----- Records shown
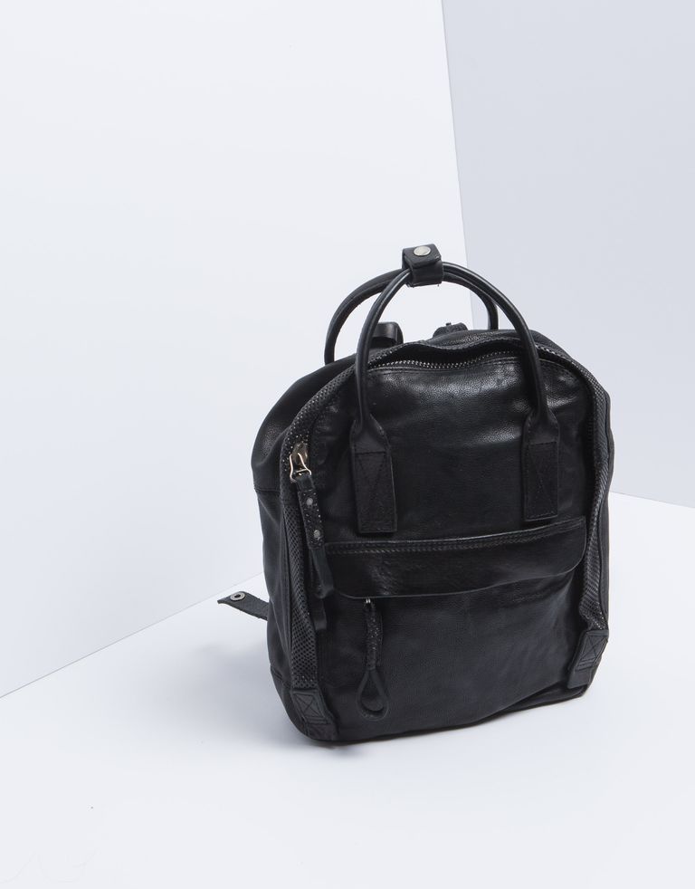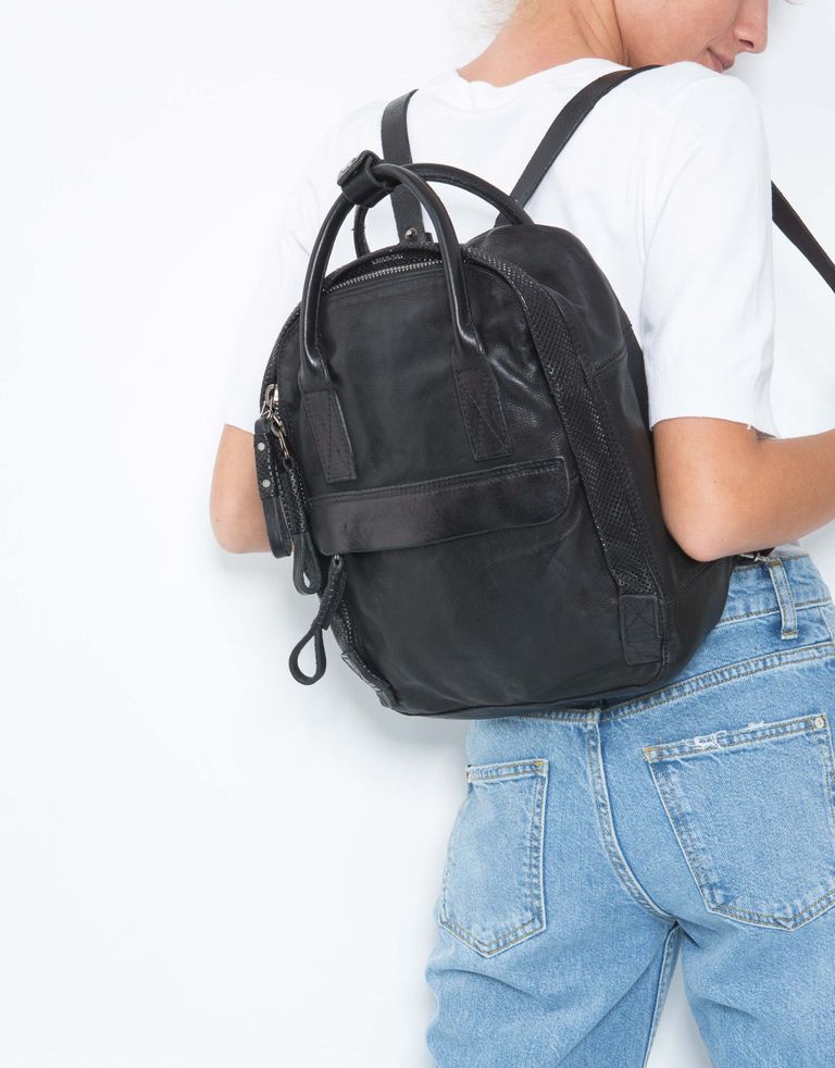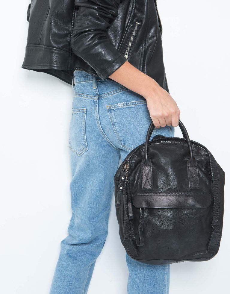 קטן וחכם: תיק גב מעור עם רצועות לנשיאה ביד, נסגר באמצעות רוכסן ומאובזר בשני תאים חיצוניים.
----------
----- Records shown
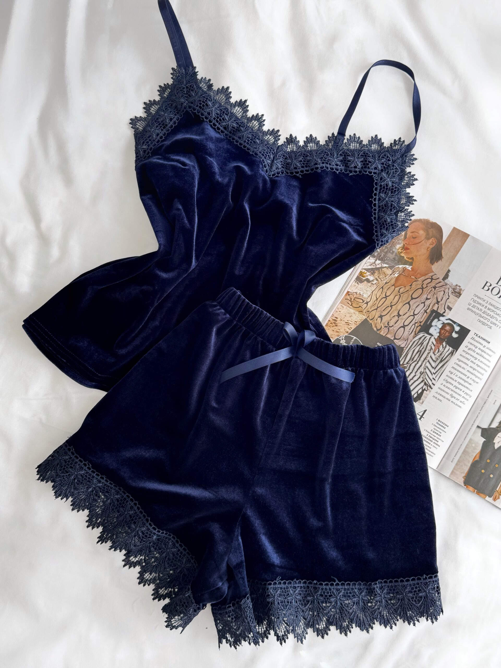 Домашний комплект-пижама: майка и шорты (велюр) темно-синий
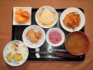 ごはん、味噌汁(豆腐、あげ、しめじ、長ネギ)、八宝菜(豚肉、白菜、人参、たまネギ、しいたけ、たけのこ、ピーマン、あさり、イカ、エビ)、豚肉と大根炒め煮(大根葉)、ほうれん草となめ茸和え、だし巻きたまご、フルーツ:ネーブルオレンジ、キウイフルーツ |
----------
----- Records shown
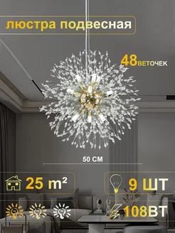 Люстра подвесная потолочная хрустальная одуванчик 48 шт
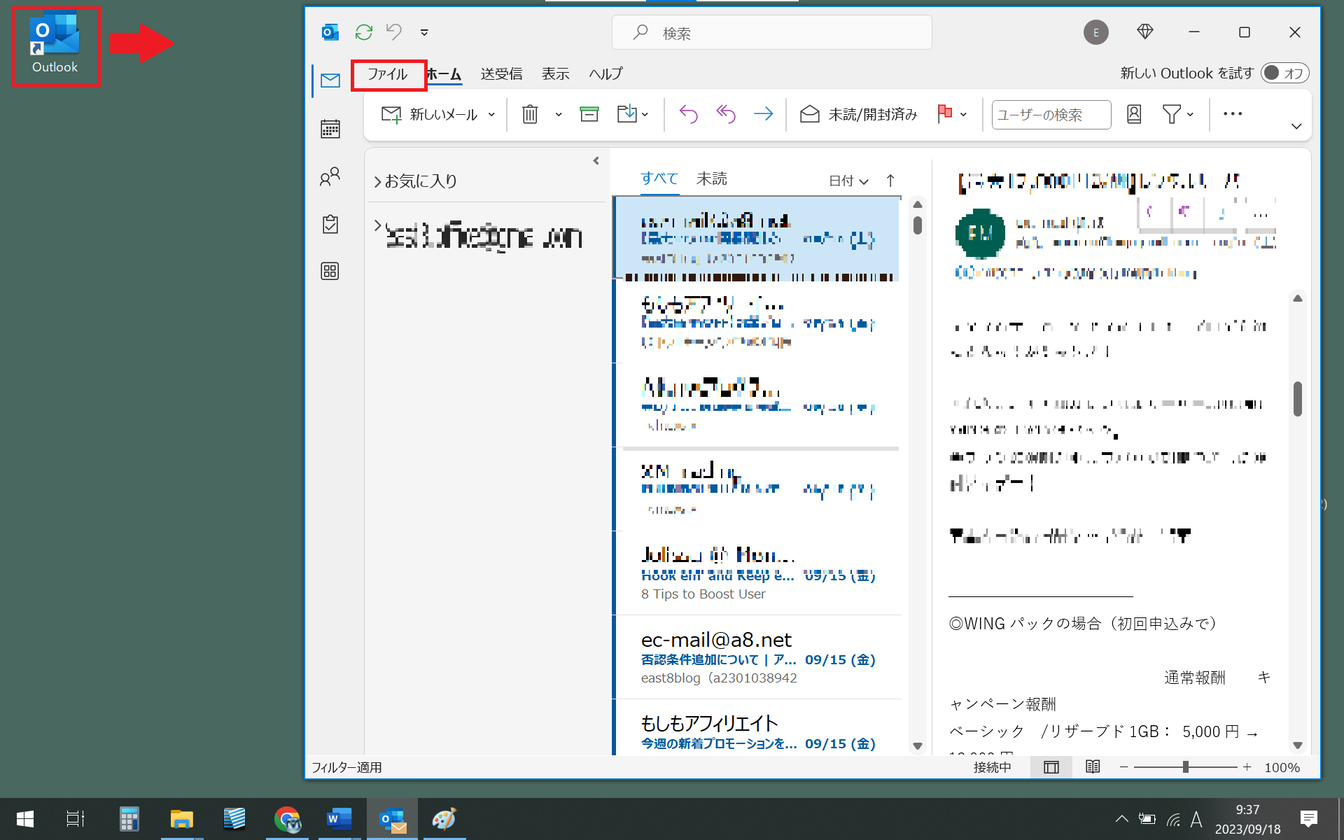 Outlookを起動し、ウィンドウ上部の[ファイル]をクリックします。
----------
Task description →
Copy out exactly the material that runs from the line with "Люстра подвесная потолочная" to the line with "Outlookを起動し、ウィンドウ上部の[ファイル]をクリックします。", ends included, and leave the pictures behind.

Answer to this problem →
 Люстра подвесная потолочная хрустальная одуванчик 48 шт
 Outlookを起動し、ウィンドウ上部の[ファイル]をクリックします。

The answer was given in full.